SAN FRANCISCO — After years of using “Hell on Wheels” as his walk-up song, Buster Posey switched to a different country tune for Monday’s home opener. Seconds after it played for the first time, he was sitting in the dirt.
“I might need to change it (back),” he said Tuesday, smiling. “I’ve already thought about that, actually.”
Posey’s sense of humor is intact, as are his memories from the home opener. But after driving home Monday, he felt some fogginess. The Giants are taking no chances. Posey was placed on the concussion disabled list Tuesday afternoon and will miss at least seven days.
“Overall, I feel good,” Posey said. “I think we thought this was the smart move with me being the catcher. You never know if you’ll get (a foul tip), so we’ll take a week off and be ready to go.”
Posey’s position was one of the biggest factors in making the move. He was watched closely once before in his career after foul tips, and the Giants felt it would be several days before Posey could reasonably be cleared to catch. They had to make a move, and Tim Federowicz was added before Tuesday’s game.
Posey said he wasn’t dizzy and he didn’t feel out of it Monday. He did not feel anything jarring as he sat near the plate after getting hit by a 94 mph fastball. “I was kind of just taking inventory,” he said. He did not want to reveal all his symptoms, but he knew he didn’t feel quite right.

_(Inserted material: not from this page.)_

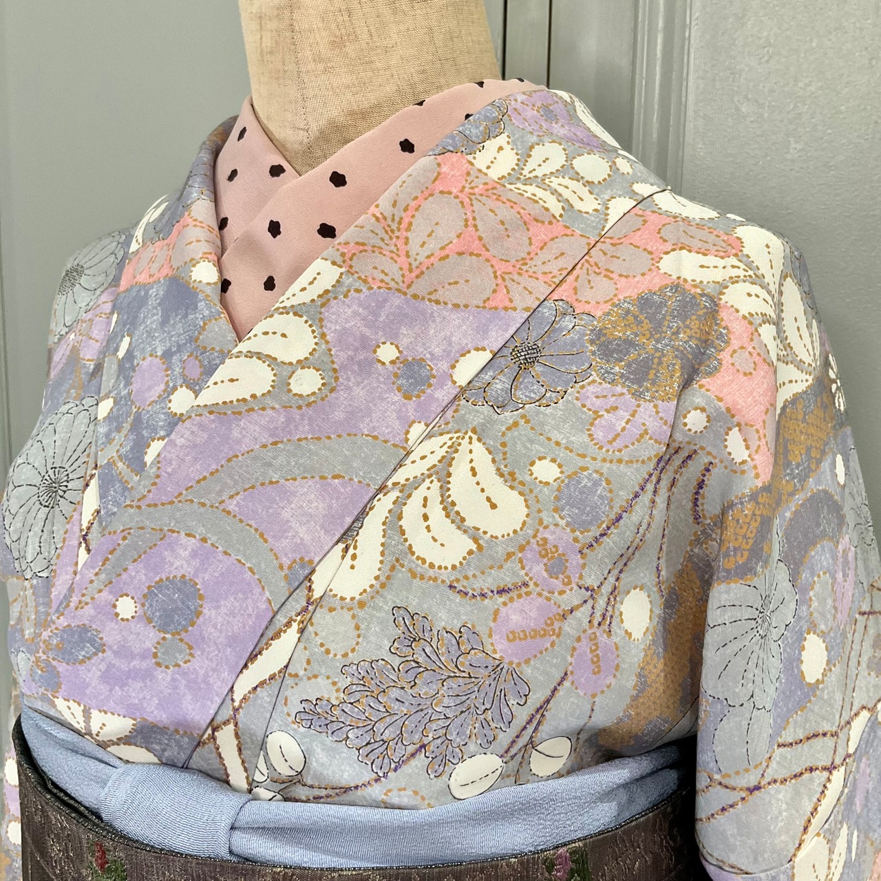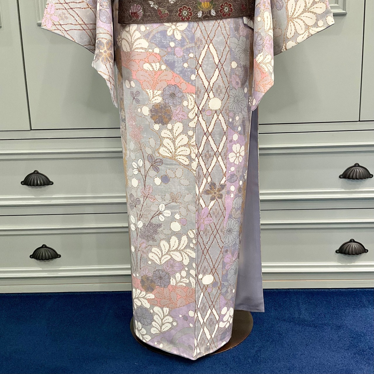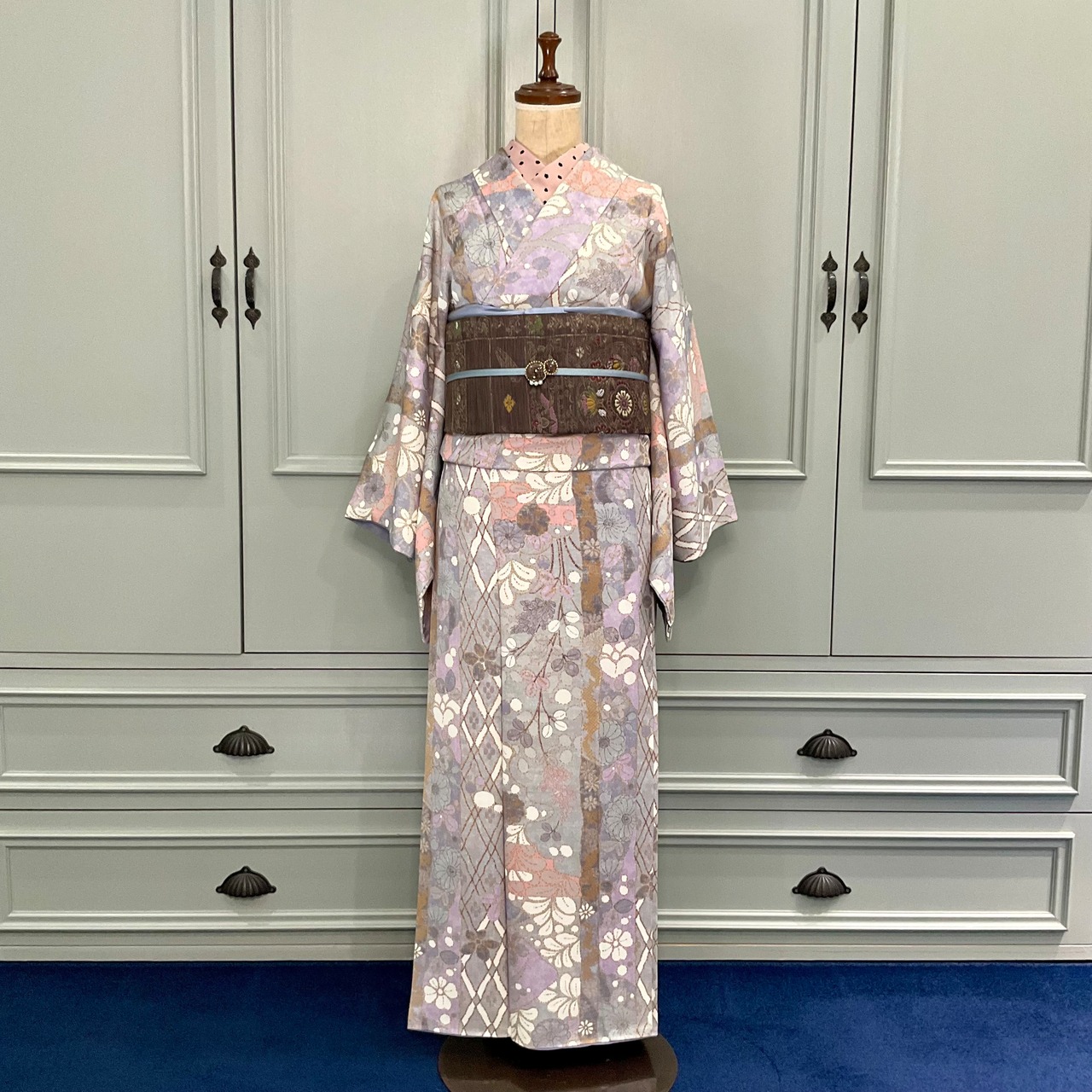 ブルーグレーの地色に花や葉、菱の格子などがデザインされた大人かわいい小紋着物です

“When you’re dealing with the head, you have to use caution,” he said. “It’s different than the hip or knee. I feel this is the right move. I don’t take it lightly when you’re talking about the head. It’s bigger than baseball. You’ve seen some of the stuff people have dealt with late in life, and that comes into consideration.”

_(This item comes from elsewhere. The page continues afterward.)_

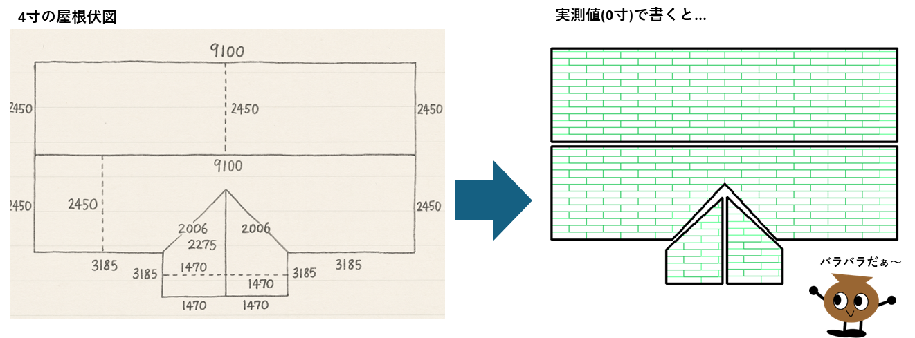 たとえば左のような4寸の屋根伏図も、実測値で面を書くと右のようにバラバラになります。
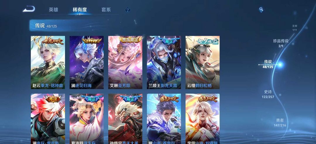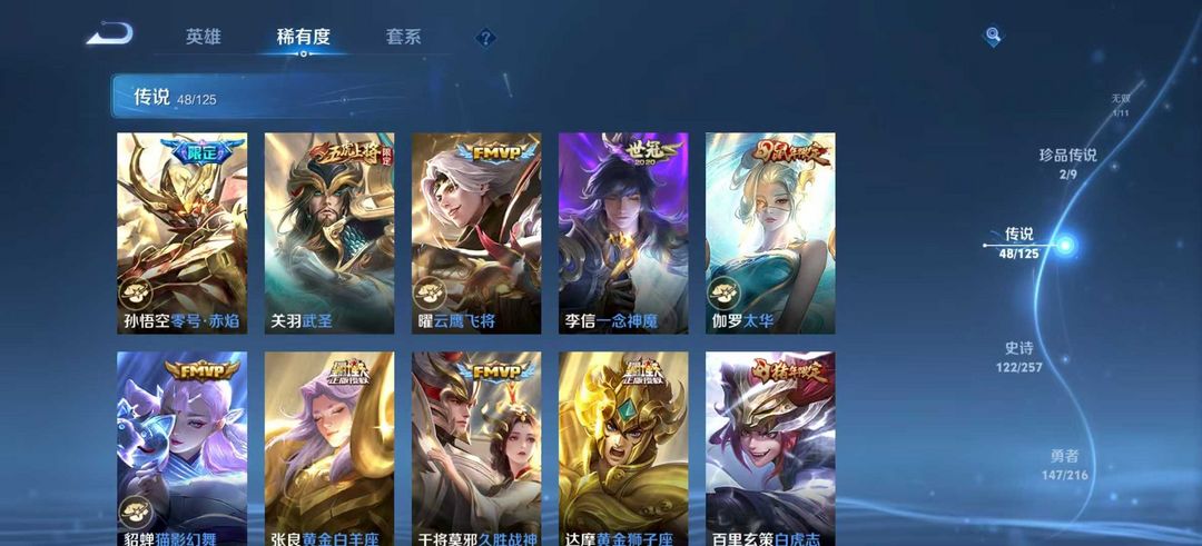 【非云直上】V10★皮肤榜一★539皮满典藏★鲁班时之奇旅会员★虞姬黛羽霜翎星元★吕布白金战神★全能大师★多金标★个性按键

The Giants also considered their own history with concussions. Brandon Belt returned too soon in 2014 and ended up missing 34 more games when he was put on the DL a second time. Joe Panik played after getting drilled last season and he soon ended up sidelined for 23 games. Posey has spoken to both players about their experiences.

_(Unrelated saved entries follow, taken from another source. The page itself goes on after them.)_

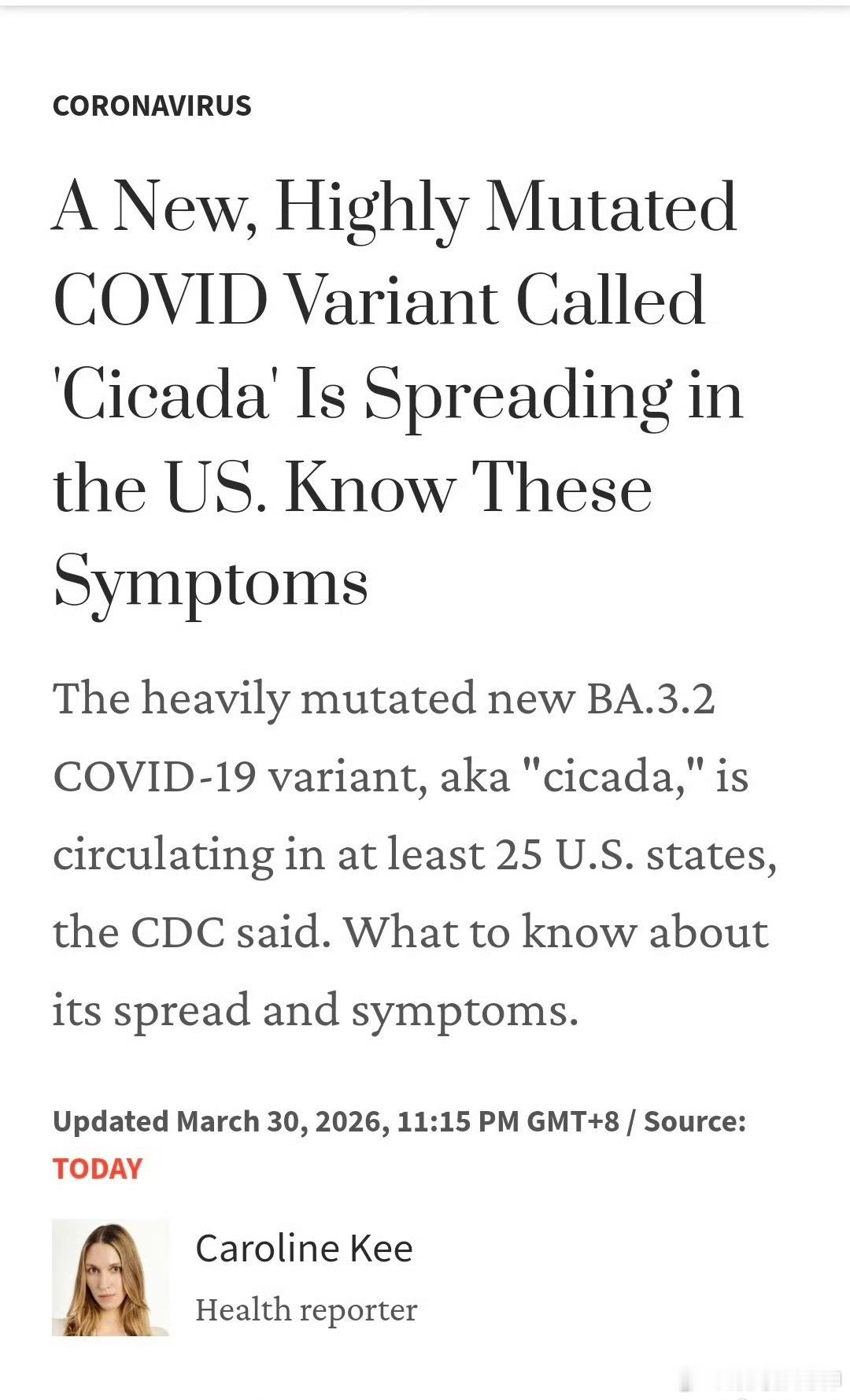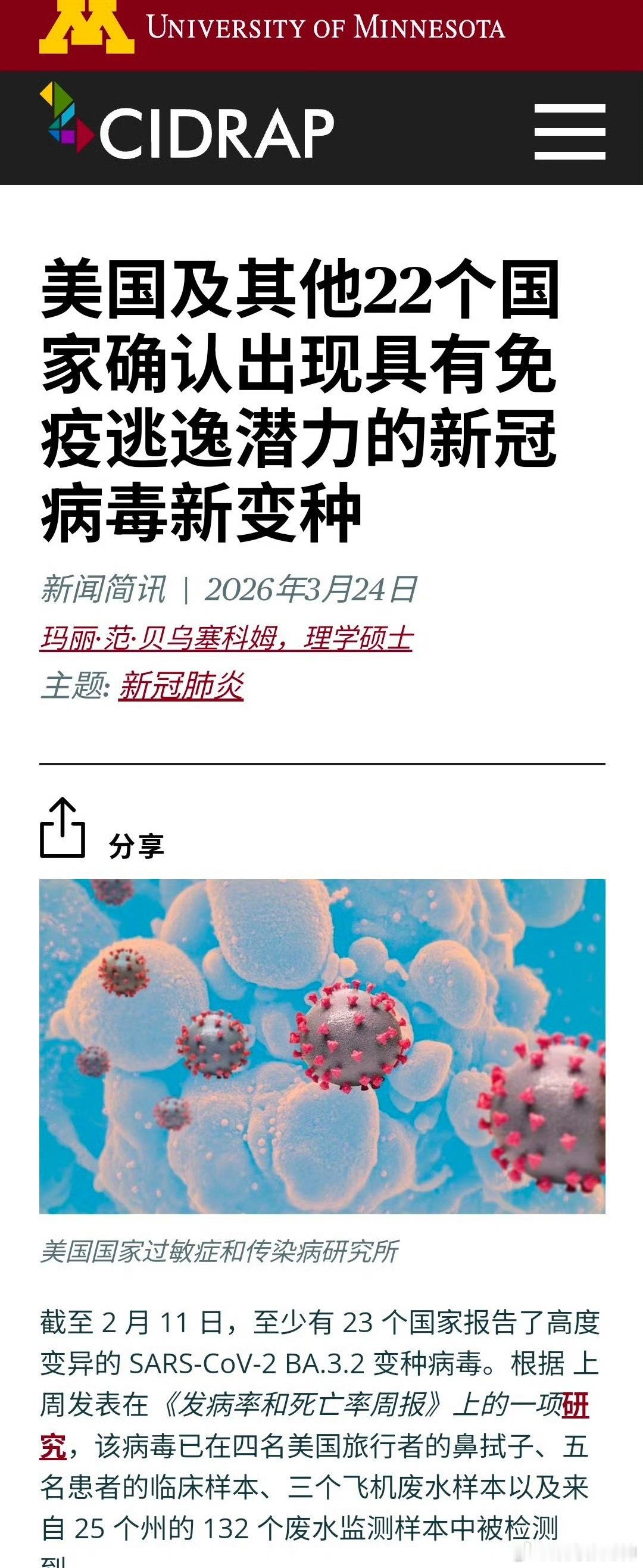 新冠又出现了新变异株,代号BA.3.2,外号“蝉”。目前已经在二十多个国家和地区被检测出来。
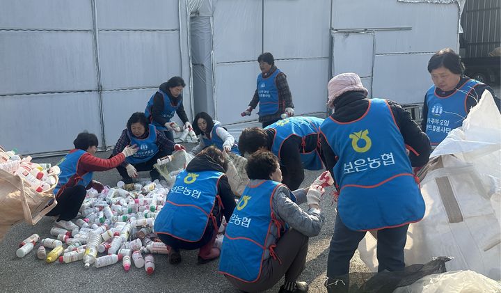 [보은=뉴시스] 환경정화 활동에 나선 충북 보은농협 농가주부모임 회원들이 1일 보은읍 성족리 동학공원 일원에서 생활쓰레기와 농경지 주변에 버려진 폐비닐, 농약용기 등을 수거한 후 분리배출하고 있다. (사진=보은농협 제공) 2026.04.01. [email protected]
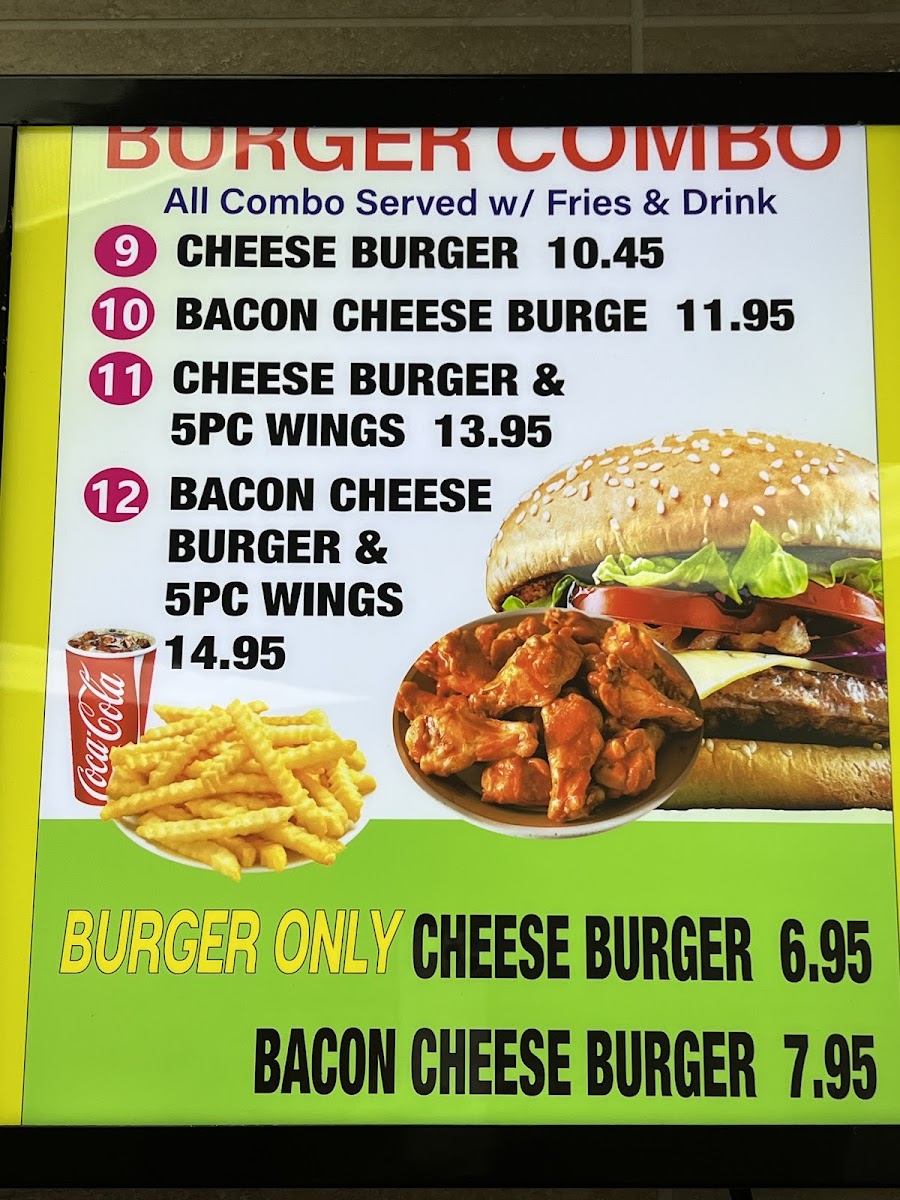Cheeseburger & 5 Pieces Wings

“Whenever there are symptoms you have to take a step back,” general manager Bobby Evans said. “Exercising caution is a good thing. We went through the protocol this morning and late in the morning and there were symptoms there. That’s part of what you come to expect (after a hit to the head). There’s no need to put him at further risk.”
The Giants will be without Posey for the rest of the homestand, but there’s a chance an American League trip could get him back earlier than otherwise expected. The Giants visit Kansas City next Tuesday and Wednesday and manager Bruce Bochy said it’s possible Posey could DH during those games. With a travel day Thursday, Posey wouldn’t be needed to catch until Friday at Coors Field.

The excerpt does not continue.